Crypto proponents aren’t worried about folks using ETFs to bet against the market, either. “A high-quality market needs to have two sides. (As) much as we may not like the people who focus on shorting, the market does work better if there are two sides to every trade,” Le Merle says. Weiss brushed off concerns about short sellers as well, rightly noting that shorting crypto has rarely been a profitable trade.
How Celebrities and Memes Affect the Market
Some analysts have expressed concern about the rise of Dogecoin, SafeMoon and other such alternatives to the more established cryptocurrencies. However, it can easily be seen as part of the evolution of a rapidly developing ecosystem. “The free market determines which altcoins succeed. The memecoins are about the retail investor. It’s nice to see retail investors have a seat at the table. Collectively, retail is serious money even if individuals don’t have the same money as Goldman Sachs,” Weiss says.

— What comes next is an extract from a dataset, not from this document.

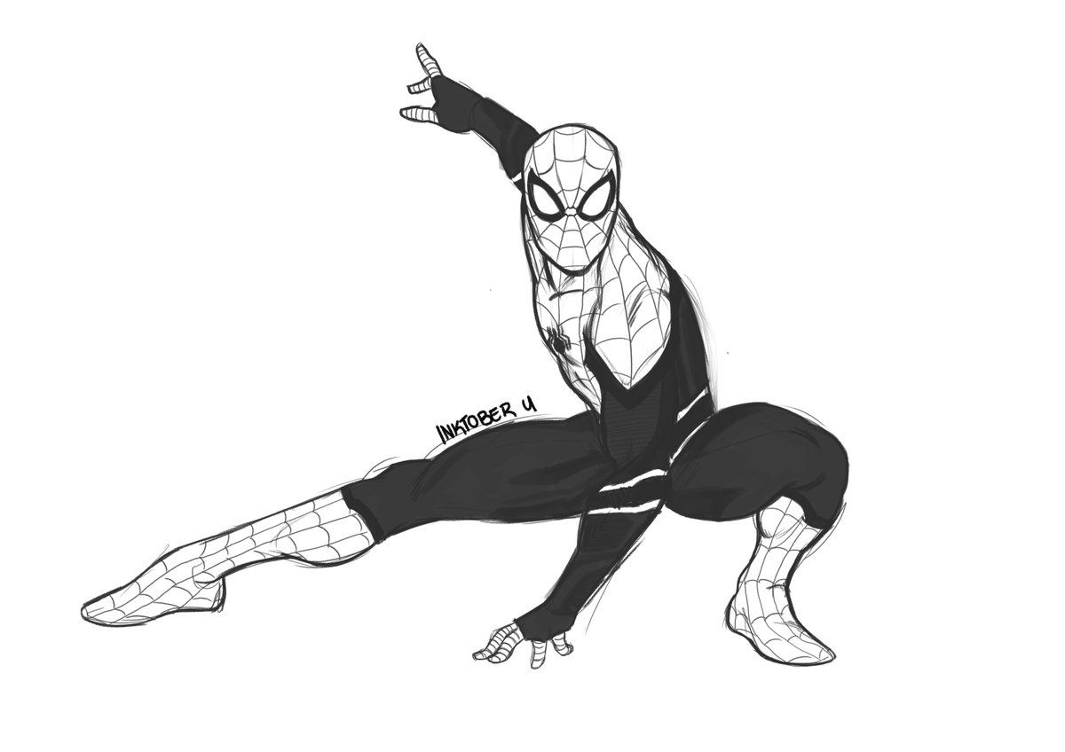 Inktober 4 - Miranha Bixo, eu sei que o Miranha é o cara que vc pensa quando vai fazer pose dinâmica, mas ele é péssimo pra treinar isso! A roupa dele tem mts detalhes que se deformam com as poses, então tentem algo mais simples tipo o Demolidor. #inktober2021 #inktober2021day4
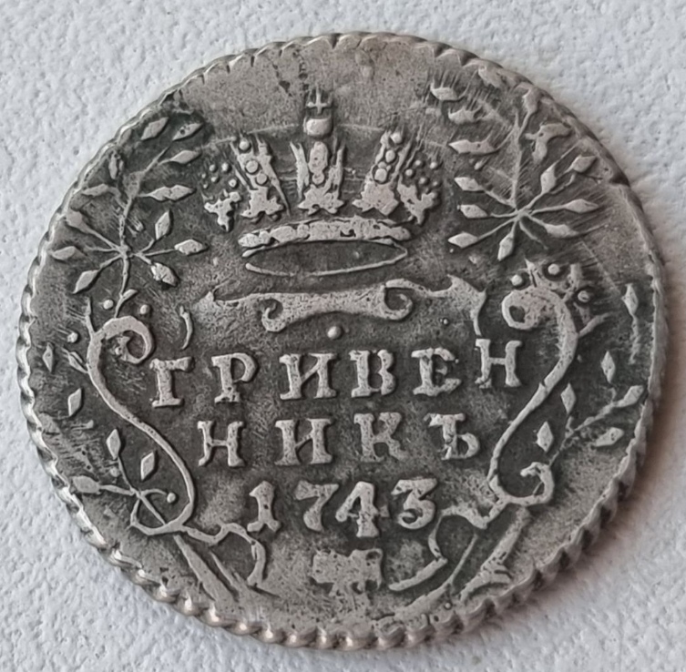 Монета представляет собой копию серебряного гривенника (10 копеек) Российской Империи 1743 года, отчеканенного в правление императрицы Елизаветы Петровны. Оригинальные монеты этого типа имеют высокую коллекционную ценность. Представленный экземпляр является современной литой подделкой, что отмечено как в описании поста, так и в комментариях сообщества.

This isn’t the first time retail investors have followed the lead of prominent personalities, either. “Celebrity investors like Warren Buffett or Paul Tudor Jones are highly influential and always have been. So I think Elon Musk or Mark Cuban speaking about investable opportunities is nothing new.” Le Merle says. That being noted, he does caution that given the large fan bases involved and some of the thinner liquidity in altcoins, short-term price impact from their comments can be dramatic. However, more broadly, having celebrity investors in the crypto space shouldn’t necessarily put it in a different regulatory light than other assets such as stocks.